One of the most infamous cases that turned violent took place in Money, Miss., in 1955. Carolyn Bryant, a white woman, accused a 14-year-old black boy named Emmett Till of following her into a store, grabbing her waist and bragging that he had been with white women before. That evening, the woman’s husband and brother-in-law murdered Till and threw his body into the Tallahatchie River.

The men were eventually prosecuted but found not guilty by an all-white jury. They later confessed to their crimes, but couldn’t be charged again.

More than 50 years later, Bryant confessed that she lied about the incident and didn’t know exactly what happened.
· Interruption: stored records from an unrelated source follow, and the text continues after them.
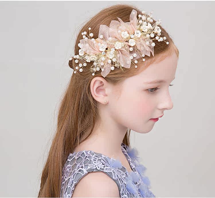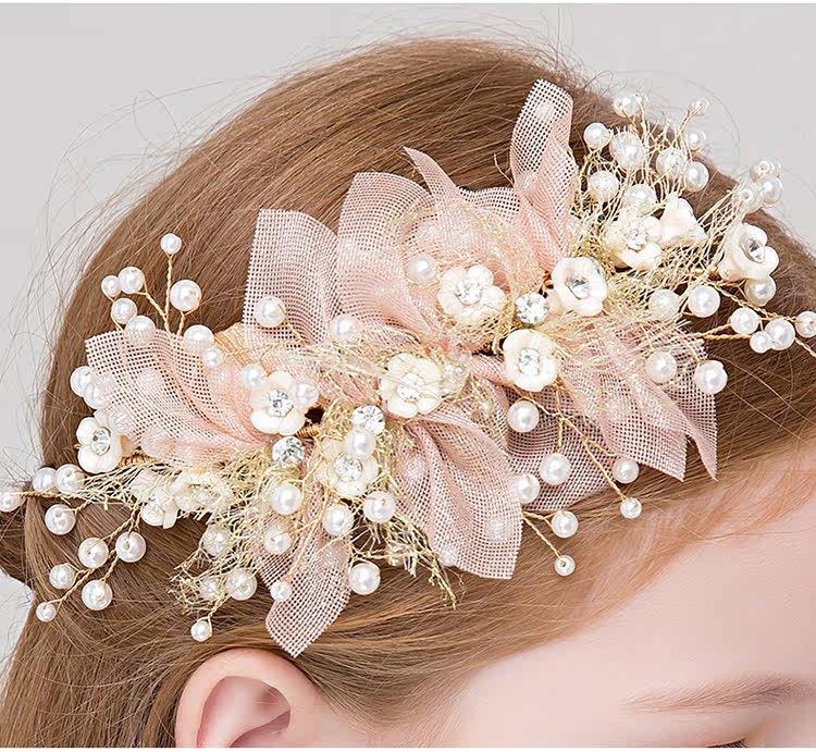 可憐な花びらのモチーフとパールビーズが華やかに輝く髪飾りです。 ピアノ発表会ドレスに合わせやすいエレガントなデザインで、サイドに留めるだけで特別な日の装いが完成します。 柔らかな花びらの立体感と小粒パールの組み合わせが上品な印象を演出します。 アクセサリーとして髪型を選ばず、お子様の晴れ舞台を華やかに彩ります。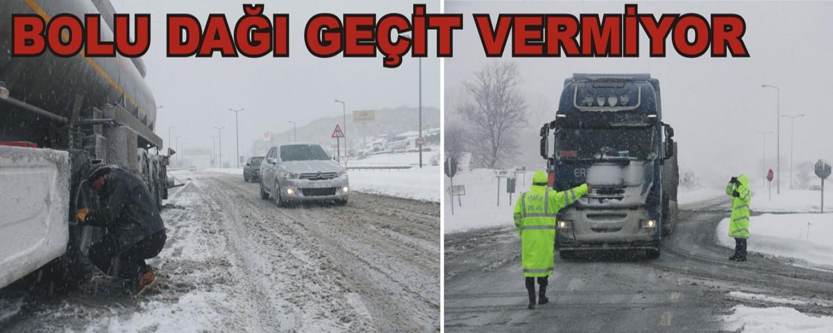 Gece saatlerinden itibaren etkili olan kar yağışı Bolu Dağı'nda hayatı felç etti. Yoğun şekilde süren kar yağışının etkisini iyice artırmasıyla ağır tonajlı araçlar D-100 Karayolu'na yönlendirildi. Ancak burada da zeminde etkili olan kar yağışı nedeniyle, Elmalık mevkisinde polis ekipleri harekete geçti. Ağır tonajlı araçların D-100 Karayolu'ndan İstanbul istikametine gidişlerine izin verilmiyor. Normal araçlar ise zincir takarak yollarına devam ediyor. İHA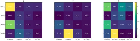 As can be seen from Figure 14, within the working range less than 100 cm, lighting plays a more significant role in estimation accuracy. The right-most column with 99% light power generally exhibits the highest accuracy over all three axes and a reversed trend can be seen in the weakest light power column. However, column-wise, accuracy improvement is not obvious but rather shows a random behavior. Among the components, the error in the Z-component appears to be more prevalent. Generally, at the most challenging condition (100 cm, 25% light), the accuracy still achieves sub-millimeter [0.475, 0.189, 0.446].

Even decades later, the cycle, as Orlins described, is a vicious and unforgiving one. “The cops are inclined to believe a white accuser and the other person gets arrested,” she said. “They get brought to court, they get charged by the Manhattan district attorney’s office. Based on these allegations, they get arraigned. Oftentimes, an outrageous bail gets set that their families are unable to afford to make. And then they sit at Rikers Island for days, weeks, months, even years.”

Vernon C. Bain Correctional Center at Rikers Island
The Vernon C. Bain Correctional Center at Rikers Island, Bronx, N.Y. (David Howells/Corbis via Getty Images)

Orlins, who is running for Manhattan district attorney, said that she was inclined to put the series of tweets together because people all too often think incidents like the one that happened Monday are isolated.

“I think people really can say, ‘Oh, this video is so horrible,’ but not connect it with the broader systemic problems that we have, which are that a hysterical 911 call was a fabricated accusation can be used to really ruin someone’s life,” she said. “Thankfully, Mr. Cooper was recording and this video has gotten a lot of attention and brought this issue to light in a really meaningful way.”